English footballer (1890–1972)

Sam Fletcher (1890 – 22 January 1972) was an English footballer who played as a full back in England, Canada and the United States. He later coached the Brown University soccer team.

==Player==
Fletcher began his career in England, playing in the Manchester and District League. The League was experiencing difficulties which led to its suspending operations in 1912. Before that happened, Fletcher left England and emigrated to Canada in 1910. He settled in Hamilton, Ontario where he played for several teams including the Independent Labour Party Team and Hamilton Lancashire. At some point, he moved to the Niagara Falls Rangers which went to the semifinals of the 1914 National Challenge Cup.
In October 1914, he signed with Bethlehem Steel, a powerhouse team playing in the Allied American Foot Ball League. He remained with Bethlehem for seven seasons. During those years, Fletcher and Jock Ferguson anchored the Steelmen defense, taking the team to six league titles, four National Challenge Cups and four American Cups. In 1921, Fletcher left Bethlehem with the establishment of the first American Soccer League. He signed with Harrison S.C. and spent two seasons with the team before moving to the Newark Skeeters for the 1923–24 season.

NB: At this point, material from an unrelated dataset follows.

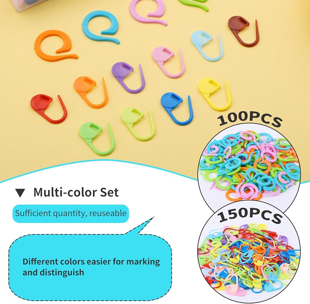 مجموعة كاملة من 250 قطعة: صندوق تخزين بمساحة تخزين يتسع لـ 150 قطعة من علامات الغرز البلاستيكية (لون عشوائي) و100 قطعة من حلقات الحياكة (لون عشوائي) بقطر 0.87 انش. يمكن تنظيم جميع أقلام التحديد في صندوق التخزين هذا لسهولة التخزين والحمل.

In 1924, he became the player-coach of the expansion Providence F.C. In 1928, the team was renamed the Gold Bugs under new ownership. Fletcher played two games that season, then retired.

==Coach==
In July 1924, Fletcher was hired to coach the newly established Providence F.C. He headed the team for at least four seasons. In 1925, he added duties coaching the Brown University soccer team to his professional responsibilities. He held that position until Joe Kennaway replaced him in 1946.

In addition to playing and coaching, Fletcher was also the ASL secretary in the early 1930s.